In a Bankrate survey, two thirds of those with student loan debt said that given the choice, they would do something differently to avoid getting in debt. While 59 percent of borrowers with a degree say education has bolstered their income and careers, just as many say they’ve been forced to delay a significant financial decision.
Bankrate analyst Sarah Foster recently wrote about the issue. She says The White House has made changes that could significantly lower your monthly payment.
“So, the SAVE plan is a new income-driven repayment plan,” said Foster. “It’s based on how much money Americans make, and the Biden administration has said that it’s the cheapest option out there so far. And the reason why is it shields more of your income from being calculated as discretionary.”
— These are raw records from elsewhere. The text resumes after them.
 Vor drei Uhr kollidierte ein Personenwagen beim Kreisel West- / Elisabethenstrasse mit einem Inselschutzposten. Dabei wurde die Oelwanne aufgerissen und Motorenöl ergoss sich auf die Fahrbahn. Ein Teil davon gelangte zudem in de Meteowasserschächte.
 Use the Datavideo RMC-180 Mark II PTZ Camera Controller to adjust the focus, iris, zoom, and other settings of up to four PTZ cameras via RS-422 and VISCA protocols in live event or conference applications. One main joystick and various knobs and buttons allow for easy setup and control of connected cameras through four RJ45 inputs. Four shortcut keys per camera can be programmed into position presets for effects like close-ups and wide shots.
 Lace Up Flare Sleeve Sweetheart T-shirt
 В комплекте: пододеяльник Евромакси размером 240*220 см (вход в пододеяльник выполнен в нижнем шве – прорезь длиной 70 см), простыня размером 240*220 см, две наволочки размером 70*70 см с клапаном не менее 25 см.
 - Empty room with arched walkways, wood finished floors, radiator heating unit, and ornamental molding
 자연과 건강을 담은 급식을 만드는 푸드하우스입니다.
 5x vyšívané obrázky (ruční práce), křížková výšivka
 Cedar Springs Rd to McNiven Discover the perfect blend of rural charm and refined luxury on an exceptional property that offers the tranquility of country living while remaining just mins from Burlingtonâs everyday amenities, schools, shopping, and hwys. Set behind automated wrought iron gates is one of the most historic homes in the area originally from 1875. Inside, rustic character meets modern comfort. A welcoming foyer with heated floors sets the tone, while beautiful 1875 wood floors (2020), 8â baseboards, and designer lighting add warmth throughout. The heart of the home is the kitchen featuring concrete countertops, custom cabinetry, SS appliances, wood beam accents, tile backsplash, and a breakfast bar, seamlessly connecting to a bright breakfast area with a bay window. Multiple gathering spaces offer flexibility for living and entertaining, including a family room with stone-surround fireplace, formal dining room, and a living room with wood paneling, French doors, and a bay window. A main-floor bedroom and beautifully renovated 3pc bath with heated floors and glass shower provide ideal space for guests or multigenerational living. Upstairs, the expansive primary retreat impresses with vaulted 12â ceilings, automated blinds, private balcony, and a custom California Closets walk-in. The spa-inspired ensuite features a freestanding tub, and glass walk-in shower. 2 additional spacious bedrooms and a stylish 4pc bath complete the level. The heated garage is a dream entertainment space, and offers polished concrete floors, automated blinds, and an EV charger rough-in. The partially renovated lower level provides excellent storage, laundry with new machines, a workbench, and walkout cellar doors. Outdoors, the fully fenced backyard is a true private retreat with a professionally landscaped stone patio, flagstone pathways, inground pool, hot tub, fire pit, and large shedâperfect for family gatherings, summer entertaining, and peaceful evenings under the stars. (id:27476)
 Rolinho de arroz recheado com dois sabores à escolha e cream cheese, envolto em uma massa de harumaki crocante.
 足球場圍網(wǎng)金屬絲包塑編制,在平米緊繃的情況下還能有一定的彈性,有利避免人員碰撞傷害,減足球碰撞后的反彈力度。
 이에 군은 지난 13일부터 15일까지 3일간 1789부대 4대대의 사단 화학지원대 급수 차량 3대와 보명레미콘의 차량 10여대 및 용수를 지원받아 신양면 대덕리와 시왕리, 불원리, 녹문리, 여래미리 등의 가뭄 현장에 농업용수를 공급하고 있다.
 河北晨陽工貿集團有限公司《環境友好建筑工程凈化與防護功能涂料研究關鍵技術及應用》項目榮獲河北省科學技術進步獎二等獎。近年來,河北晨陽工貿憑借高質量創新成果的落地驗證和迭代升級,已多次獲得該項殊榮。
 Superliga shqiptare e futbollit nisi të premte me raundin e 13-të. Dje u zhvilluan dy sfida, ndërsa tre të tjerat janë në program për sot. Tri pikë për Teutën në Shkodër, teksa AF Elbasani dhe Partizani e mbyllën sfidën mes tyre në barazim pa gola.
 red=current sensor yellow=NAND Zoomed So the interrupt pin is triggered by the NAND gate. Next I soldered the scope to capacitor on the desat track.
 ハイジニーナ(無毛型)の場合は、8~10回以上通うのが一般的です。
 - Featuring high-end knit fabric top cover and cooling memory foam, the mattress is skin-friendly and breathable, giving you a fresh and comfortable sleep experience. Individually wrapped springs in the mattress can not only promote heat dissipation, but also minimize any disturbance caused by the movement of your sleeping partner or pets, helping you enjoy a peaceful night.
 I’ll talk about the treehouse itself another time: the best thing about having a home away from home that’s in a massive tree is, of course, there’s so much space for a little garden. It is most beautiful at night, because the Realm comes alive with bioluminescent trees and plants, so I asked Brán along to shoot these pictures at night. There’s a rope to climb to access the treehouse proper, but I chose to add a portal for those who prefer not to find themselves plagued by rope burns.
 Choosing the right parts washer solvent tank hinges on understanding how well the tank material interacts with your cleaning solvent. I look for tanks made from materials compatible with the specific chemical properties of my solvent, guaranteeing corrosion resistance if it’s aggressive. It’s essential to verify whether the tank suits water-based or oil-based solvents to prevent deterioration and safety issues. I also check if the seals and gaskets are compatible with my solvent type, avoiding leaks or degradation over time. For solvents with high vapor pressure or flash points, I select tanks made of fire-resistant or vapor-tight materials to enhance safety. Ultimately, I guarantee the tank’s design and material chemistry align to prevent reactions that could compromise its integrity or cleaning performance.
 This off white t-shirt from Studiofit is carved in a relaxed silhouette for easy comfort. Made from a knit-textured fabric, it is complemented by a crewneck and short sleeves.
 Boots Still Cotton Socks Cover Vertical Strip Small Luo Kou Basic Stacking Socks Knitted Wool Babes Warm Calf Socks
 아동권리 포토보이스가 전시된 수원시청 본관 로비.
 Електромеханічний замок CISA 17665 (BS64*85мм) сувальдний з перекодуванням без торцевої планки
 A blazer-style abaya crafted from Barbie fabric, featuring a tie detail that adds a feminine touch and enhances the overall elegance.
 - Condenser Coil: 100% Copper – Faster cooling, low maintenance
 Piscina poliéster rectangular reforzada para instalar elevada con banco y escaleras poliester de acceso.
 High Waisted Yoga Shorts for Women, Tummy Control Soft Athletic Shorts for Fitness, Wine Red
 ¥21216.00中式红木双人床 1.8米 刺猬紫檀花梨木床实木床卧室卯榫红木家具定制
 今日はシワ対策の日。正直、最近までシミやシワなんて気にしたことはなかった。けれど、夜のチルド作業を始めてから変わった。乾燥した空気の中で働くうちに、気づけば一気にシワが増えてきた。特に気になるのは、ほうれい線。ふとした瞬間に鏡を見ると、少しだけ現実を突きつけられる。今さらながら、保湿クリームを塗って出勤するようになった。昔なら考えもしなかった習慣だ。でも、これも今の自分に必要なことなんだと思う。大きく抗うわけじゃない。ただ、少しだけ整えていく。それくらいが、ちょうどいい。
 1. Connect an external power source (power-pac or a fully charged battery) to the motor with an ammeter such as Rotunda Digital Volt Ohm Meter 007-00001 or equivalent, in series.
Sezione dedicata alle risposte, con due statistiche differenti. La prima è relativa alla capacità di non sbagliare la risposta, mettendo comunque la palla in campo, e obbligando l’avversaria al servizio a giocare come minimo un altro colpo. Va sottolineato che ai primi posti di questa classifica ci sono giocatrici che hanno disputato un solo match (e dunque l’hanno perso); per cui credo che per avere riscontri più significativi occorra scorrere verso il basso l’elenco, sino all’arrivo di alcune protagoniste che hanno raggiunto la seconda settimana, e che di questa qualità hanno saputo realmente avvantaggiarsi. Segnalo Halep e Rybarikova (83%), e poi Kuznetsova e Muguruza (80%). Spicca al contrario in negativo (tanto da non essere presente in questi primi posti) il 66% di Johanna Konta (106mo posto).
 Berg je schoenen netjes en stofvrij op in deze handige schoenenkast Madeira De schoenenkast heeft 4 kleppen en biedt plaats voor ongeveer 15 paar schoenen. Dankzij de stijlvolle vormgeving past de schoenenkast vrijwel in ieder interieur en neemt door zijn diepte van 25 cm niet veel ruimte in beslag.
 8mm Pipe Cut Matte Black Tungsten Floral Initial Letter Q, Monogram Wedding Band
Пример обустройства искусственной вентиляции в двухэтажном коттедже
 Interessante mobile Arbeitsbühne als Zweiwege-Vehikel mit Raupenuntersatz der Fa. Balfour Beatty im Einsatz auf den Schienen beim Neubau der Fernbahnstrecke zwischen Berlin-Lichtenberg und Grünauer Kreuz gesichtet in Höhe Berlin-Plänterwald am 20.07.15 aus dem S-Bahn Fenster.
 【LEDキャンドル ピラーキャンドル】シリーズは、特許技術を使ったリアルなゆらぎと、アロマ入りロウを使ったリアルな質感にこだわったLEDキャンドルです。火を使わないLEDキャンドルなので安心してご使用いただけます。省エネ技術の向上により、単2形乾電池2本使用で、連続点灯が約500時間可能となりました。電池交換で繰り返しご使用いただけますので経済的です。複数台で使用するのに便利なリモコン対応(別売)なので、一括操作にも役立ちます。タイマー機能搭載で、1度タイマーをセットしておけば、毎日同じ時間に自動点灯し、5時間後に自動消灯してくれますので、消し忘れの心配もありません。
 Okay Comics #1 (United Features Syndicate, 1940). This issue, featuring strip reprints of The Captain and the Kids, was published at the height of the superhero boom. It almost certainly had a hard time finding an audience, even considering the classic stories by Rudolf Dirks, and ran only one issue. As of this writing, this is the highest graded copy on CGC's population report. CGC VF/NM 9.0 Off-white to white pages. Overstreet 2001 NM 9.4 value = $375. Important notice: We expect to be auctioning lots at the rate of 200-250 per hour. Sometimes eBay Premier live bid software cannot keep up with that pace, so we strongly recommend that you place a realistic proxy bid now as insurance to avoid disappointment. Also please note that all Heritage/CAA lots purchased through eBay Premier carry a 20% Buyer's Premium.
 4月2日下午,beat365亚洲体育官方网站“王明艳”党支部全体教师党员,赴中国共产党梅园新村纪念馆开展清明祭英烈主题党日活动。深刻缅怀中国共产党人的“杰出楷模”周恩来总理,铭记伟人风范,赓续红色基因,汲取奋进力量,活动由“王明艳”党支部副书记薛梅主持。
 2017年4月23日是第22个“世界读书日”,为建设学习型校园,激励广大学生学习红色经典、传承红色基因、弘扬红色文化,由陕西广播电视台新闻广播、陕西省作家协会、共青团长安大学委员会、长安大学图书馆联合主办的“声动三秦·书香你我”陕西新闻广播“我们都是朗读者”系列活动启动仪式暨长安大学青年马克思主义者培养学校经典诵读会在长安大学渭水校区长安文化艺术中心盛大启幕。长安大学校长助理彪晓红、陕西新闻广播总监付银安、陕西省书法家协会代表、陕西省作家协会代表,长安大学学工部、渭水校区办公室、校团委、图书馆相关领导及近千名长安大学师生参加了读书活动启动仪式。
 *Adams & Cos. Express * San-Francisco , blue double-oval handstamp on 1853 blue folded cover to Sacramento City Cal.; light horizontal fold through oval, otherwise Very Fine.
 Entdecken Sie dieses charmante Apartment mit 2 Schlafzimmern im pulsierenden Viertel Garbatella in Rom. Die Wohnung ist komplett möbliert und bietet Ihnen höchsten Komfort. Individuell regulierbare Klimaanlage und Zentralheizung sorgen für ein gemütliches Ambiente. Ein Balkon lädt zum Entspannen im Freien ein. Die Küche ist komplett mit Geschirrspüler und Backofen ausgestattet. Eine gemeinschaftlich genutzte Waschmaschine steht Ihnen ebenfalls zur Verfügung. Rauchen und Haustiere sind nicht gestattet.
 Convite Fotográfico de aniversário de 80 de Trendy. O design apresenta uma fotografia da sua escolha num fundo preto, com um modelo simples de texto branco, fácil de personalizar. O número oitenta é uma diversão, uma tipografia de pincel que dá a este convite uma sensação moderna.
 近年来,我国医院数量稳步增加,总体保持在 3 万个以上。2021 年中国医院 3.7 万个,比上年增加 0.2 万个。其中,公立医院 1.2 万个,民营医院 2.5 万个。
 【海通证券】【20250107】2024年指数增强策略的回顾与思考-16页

And if the money is counted as necessary not discretionary, your payments will be lower. The new formula takes inflation into account.
So, with the help of Bankrate, here’s Deanna’s Do List:
• Log into your account and find out who your servicer is. It may have changed during the pandemic.
• Find the right payment plan for your situation and apply quickly. There may be a backlog since so many others will be doing the same thing.
• And never sacrifice your long-term goals to pay off the debt more quickly. Your retirement savings is likely earning compound interest. Foster gives the following example: An American who puts $200 into an investing account a month starting at age 22 could earn as much as $1.2 million by the time they’re 70, assuming an 8 percent annual return, Bankrate calculations show. That falls to about $703,000 if Americans can only afford to contribute half of that amount for their first 20 years of investing, assuming that’s how long it takes them to pay off their debt.